Tuesday, May 15, 2012

Hump Day Eve

For the last week Mother Nature has had her way with me and we all know what that means for tonight...I plan on seducing the husband whether he likes it or not.

There are techniques to doing this in the middle of the week.  Weekend sex is far different than Tuesday night sex afterall.  You've already given up on Leno and Letterman so getting into the mood is far easier.

Leg shaving is a little less expected midweek.  Tuesday is when you spend your day folding the laundry you did on Sunday.  You shave your legs on Wednesday because you deep clean your tub and shower on Thursday.  You make up for the prickles on your legs by promising to warm up your ice cold feet before you jump into bed.  You still have clean underwear on your body which is considered sexy.
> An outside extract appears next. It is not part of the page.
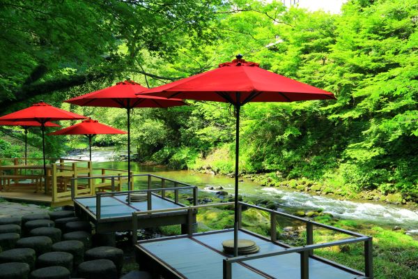 - 直営農場でそばの栽培から製粉・製麺・つゆ作りまで全工程を手掛けた、こだわりの「おろしそば」が自慢。そば打ち体験は子供や初心者も楽しめます。
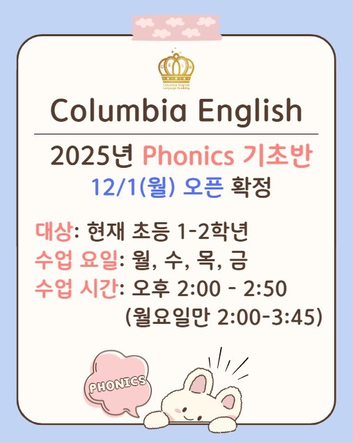 안녕하세요. 즐겁게, 제대로, 꼼꼼히! 대구 연경동 프리미엄 영어 로드맵! 컬럼비아 영어학원입니다. 오랜만에 신규 반 오픈 소식 안내드립니다. 2025년 Phonics 파닉스 기초반 12월 오픈 확정! 대상: 현재 초등 1-2학년 수업 요일: 월, 수, 목, 금 수업 시간: 오후 2:00 - 2:50 월요일만 2교시 수업으로 (오후 2:00 - 3:45분 수업) 저희 컬럼비아 영어학원은 매년 수능일 이후, 12월에 모든 학년이 1개 학년씩 진급을 하며, 다음 학년/학기를 준비하고 있습니다. e.g.) 매년 12월에 1개 학년 진급 초등 1학년-> 초등 2학년 초등 6학년 -> 중등부 (중1) 진급 중등 3학년 -> 고등부 (고1) 진급 그래서 12월 이후에 시간표에 여유가....... <img src="https://blogthumb.pstatic.net/MjAyNTExMjFfMjI3/MDAxNzYzNjg4OTcwNjE2.BMfKuIwr2RWgmcsZAzPWcvBq_LQACz2syh5AvHDTdvYg.evFTUmDVieaTTthPkaUHFIrm3AtbGcN6_yhtG7NuqH0g.JPEG/41F70867%A3%AD25E5%A3%AD44FC%A3%ADBF77%A3%ADCDBAB6B69189.jpg?type=s3" />

Tuesday dinner is whatever was leftover from the weekend with enough vegetables to make it stretch into a full sized meal.  Nothing too heavy.  This keeps everyone a little less sleepy.
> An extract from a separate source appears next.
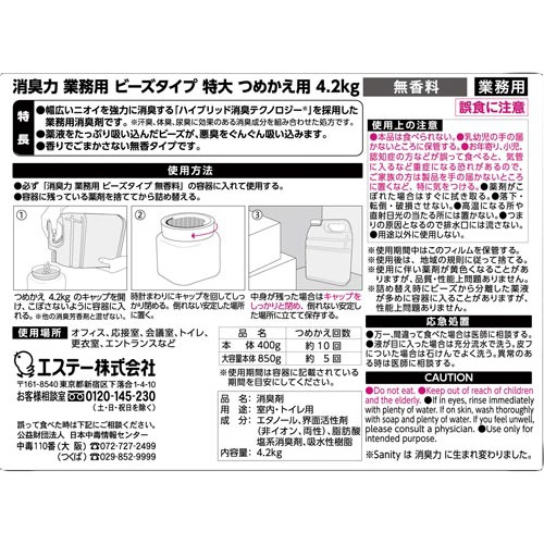 消臭力業務用ビーズ特大詰替 無香料 4.2kg

There are no pressing chores this early in the week because you've already resigned to get to them next weekend.  Installing cove molding in the kitchen?  Next weekend!  Planting petunias in the front flower beds?  Next weekend!  Replacing the top to your patio table because the old one shattered two years ago?  Next weekend!  Tonight we can relax.
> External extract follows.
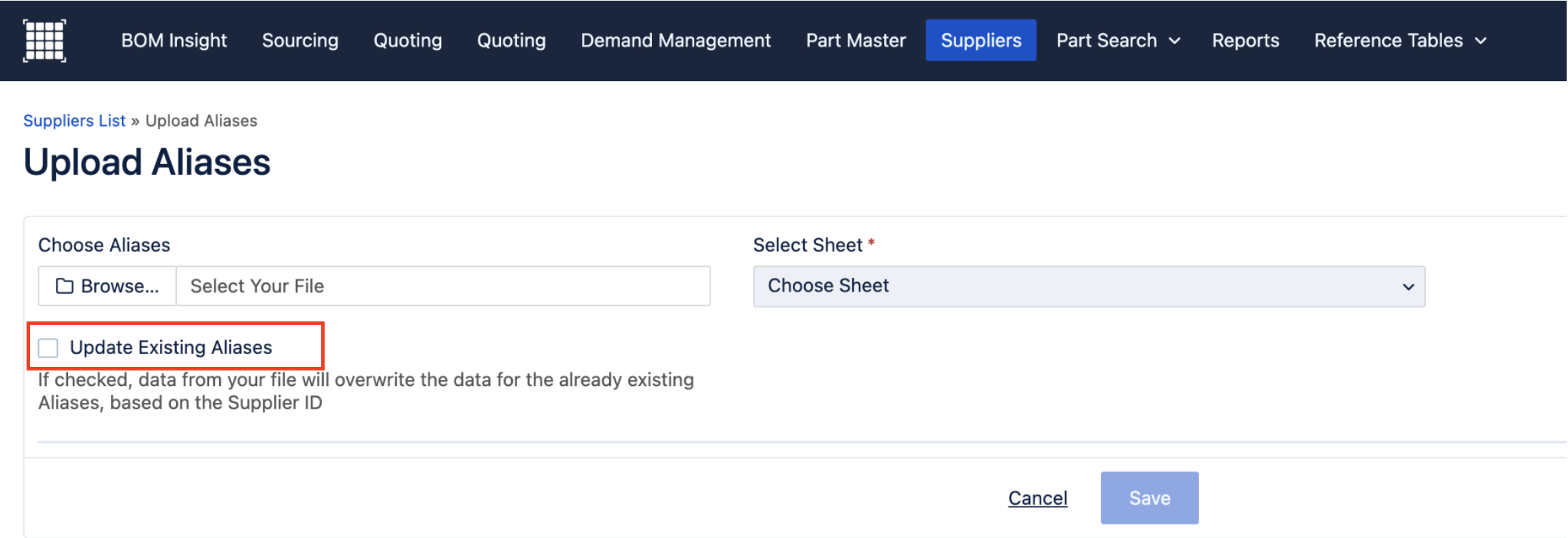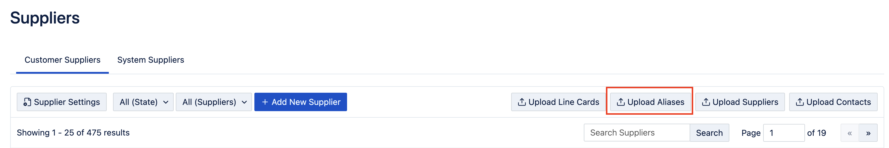 Clicking this 'Upload Aliases' button will navigate you to an upload page where you may browse and import a CSV file containing Supplier ID (required), Alias (required), and State (optional).

But then you remember that everyone has to get up early so expediency, precision and efficiency is important.  There shall be no hemming and hawing in the marital den on a Tuesday.  Luckily you've been married almost 19 years and all the hot buttons are clearly marked.  It's like watching The Shawshank Redemption for the thousandth time.  You know Andy is going to tunnel through the prison wall but the movie is always a satisfying watch.

Marital maintenance is important.  These matters must be a priority you know.  What else have you got going for you on Tuesday night?  Might as well have a tingle or two.
So, get off Words with Friends and Draw Something and go live the dream you old married farts.

I am.  Or, shortly I will be.

Colbert ends in twenty minutes.

1 comment:

  1. lol @ "next weekend." That sure sounds familiar.

    Too bad I didn't see this until Wednesday cuz now I have missed out on Hump Day Eve activities at our house.